_Data excerpt_

━━━━━━━━━━━━━━━━━━━━

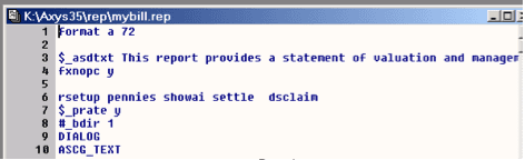 2. Make a copy of bill.rep. I saved my copy as mybill.rep. Now we have a .rep file we can edit without affecting the original billing statement report. This is important – never modify the original Axys reports. Make modifications only to your copies.
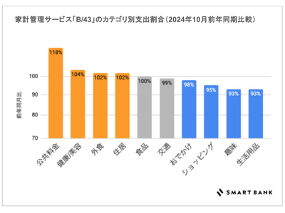 家計管理サービス「B/43(ビーヨンサン)」を提供する株式会社スマートバンクは、総務省が本日12月6日に発表した最新の家計調査結果を受け、支出カテゴリごとの増加率と減少率を調査しました。
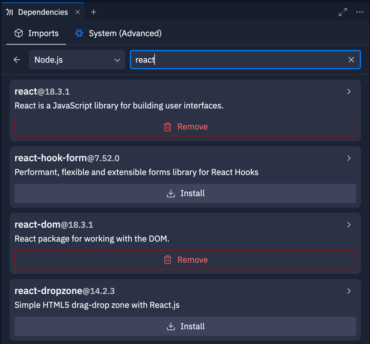 Building on our previous improvements to the Packages tool, we’ve streamlined the experience to show you the current state of your project at a glance. You can manage imported packages for each language your Repl supports.
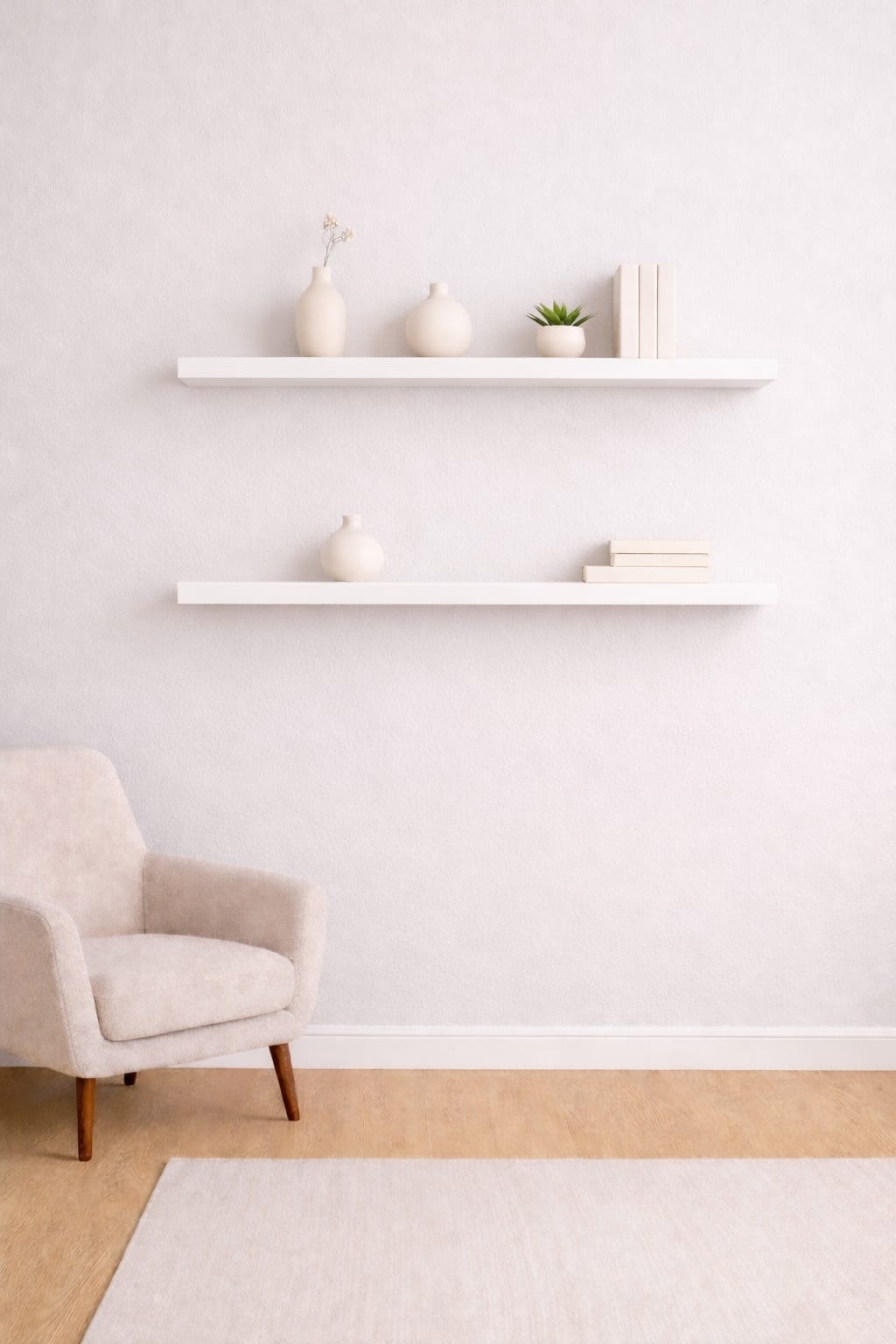 Raf, duvara gizli bağlantı aparatları ile monte edilmektedir. Böylece hiçbir bağlantı elemanı (vida, dübel) görünmez.

━━━━━━━━━━━━━━━━━━━━

_Your objective_
Everything from the line holding "家計管理サービス「B/43(ビーヨンサン" through the last line of the listing should be written out exactly, except for the pictures.

_Exercise output_
 家計管理サービス「B/43(ビーヨンサン)」を提供する株式会社スマートバンクは、総務省が本日12月6日に発表した最新の家計調査結果を受け、支出カテゴリごとの増加率と減少率を調査しました。
 Building on our previous improvements to the Packages tool, we’ve streamlined the experience to show you the current state of your project at a glance. You can manage imported packages for each language your Repl supports.
 Raf, duvara gizli bağlantı aparatları ile monte edilmektedir. Böylece hiçbir bağlantı elemanı (vida, dübel) görünmez.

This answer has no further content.